In the entries below, find the line with "หากอยากพิสูจน์ว่าร้อนแค่ 49 องศานี่จิ๊บๆ" and the line with "ProSticker 304 (One)"; give again those lines and every line between them, exactly.

RECORDS PROVIDED:
== Segment start ==

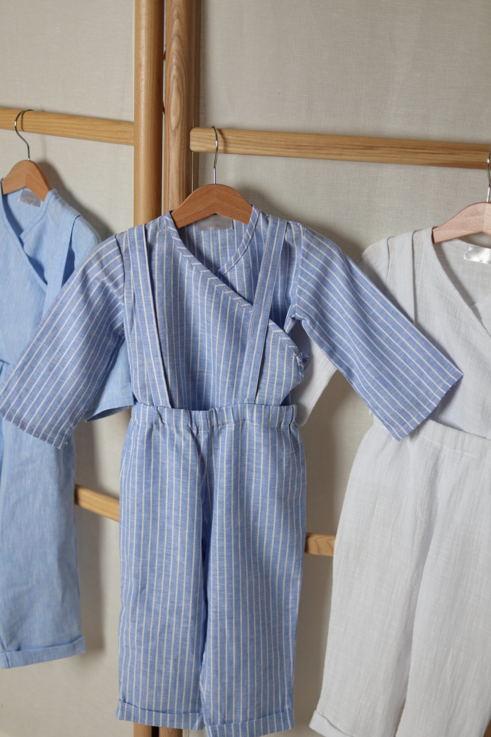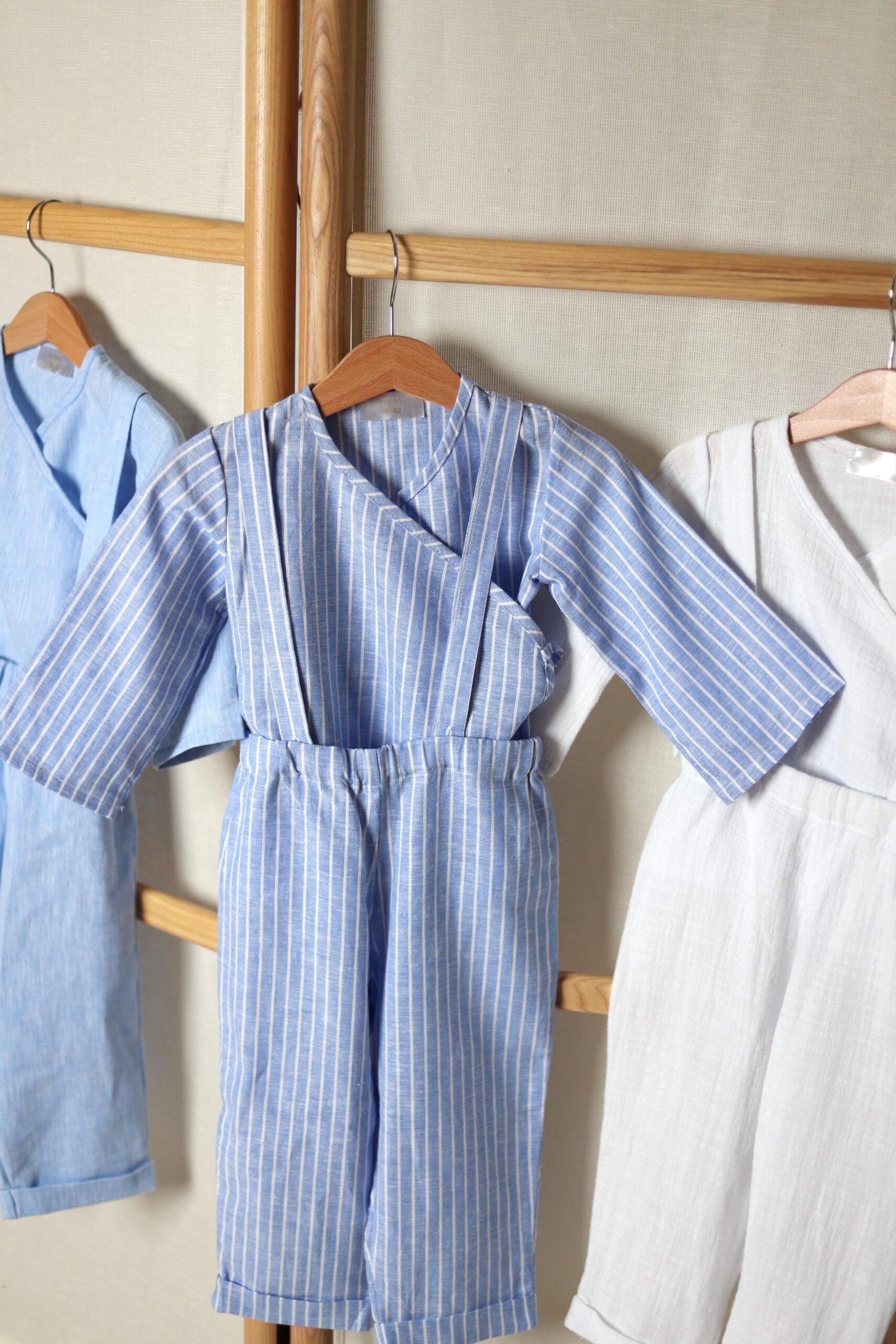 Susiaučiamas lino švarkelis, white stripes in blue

== Segment end ==
== Segment start ==

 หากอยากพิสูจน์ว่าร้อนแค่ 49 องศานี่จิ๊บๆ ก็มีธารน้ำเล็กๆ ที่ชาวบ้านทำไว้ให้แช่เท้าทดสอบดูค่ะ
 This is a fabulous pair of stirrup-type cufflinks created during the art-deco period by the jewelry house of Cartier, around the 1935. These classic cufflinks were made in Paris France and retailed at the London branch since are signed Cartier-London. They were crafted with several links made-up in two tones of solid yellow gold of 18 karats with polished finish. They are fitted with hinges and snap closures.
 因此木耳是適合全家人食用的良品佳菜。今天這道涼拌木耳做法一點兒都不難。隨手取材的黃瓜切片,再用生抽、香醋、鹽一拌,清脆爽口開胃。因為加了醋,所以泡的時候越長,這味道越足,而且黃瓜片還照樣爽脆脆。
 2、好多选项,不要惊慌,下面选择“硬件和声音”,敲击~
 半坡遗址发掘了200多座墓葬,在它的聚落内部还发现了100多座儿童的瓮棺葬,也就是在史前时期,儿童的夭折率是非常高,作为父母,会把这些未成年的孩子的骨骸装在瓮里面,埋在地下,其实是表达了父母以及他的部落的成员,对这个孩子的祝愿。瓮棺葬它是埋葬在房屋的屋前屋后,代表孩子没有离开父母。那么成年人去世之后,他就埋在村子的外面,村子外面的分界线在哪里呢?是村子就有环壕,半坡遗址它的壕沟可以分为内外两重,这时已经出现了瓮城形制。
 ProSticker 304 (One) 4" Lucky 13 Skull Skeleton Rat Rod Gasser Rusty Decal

== Segment end ==

OUTPUT FOR THIS EXERCISE:
 หากอยากพิสูจน์ว่าร้อนแค่ 49 องศานี่จิ๊บๆ ก็มีธารน้ำเล็กๆ ที่ชาวบ้านทำไว้ให้แช่เท้าทดสอบดูค่ะ
 This is a fabulous pair of stirrup-type cufflinks created during the art-deco period by the jewelry house of Cartier, around the 1935. These classic cufflinks were made in Paris France and retailed at the London branch since are signed Cartier-London. They were crafted with several links made-up in two tones of solid yellow gold of 18 karats with polished finish. They are fitted with hinges and snap closures.
 因此木耳是適合全家人食用的良品佳菜。今天這道涼拌木耳做法一點兒都不難。隨手取材的黃瓜切片,再用生抽、香醋、鹽一拌,清脆爽口開胃。因為加了醋,所以泡的時候越長,這味道越足,而且黃瓜片還照樣爽脆脆。
 2、好多选项,不要惊慌,下面选择“硬件和声音”,敲击~
 半坡遗址发掘了200多座墓葬,在它的聚落内部还发现了100多座儿童的瓮棺葬,也就是在史前时期,儿童的夭折率是非常高,作为父母,会把这些未成年的孩子的骨骸装在瓮里面,埋在地下,其实是表达了父母以及他的部落的成员,对这个孩子的祝愿。瓮棺葬它是埋葬在房屋的屋前屋后,代表孩子没有离开父母。那么成年人去世之后,他就埋在村子的外面,村子外面的分界线在哪里呢?是村子就有环壕,半坡遗址它的壕沟可以分为内外两重,这时已经出现了瓮城形制。
 ProSticker 304 (One) 4" Lucky 13 Skull Skeleton Rat Rod Gasser Rusty Decal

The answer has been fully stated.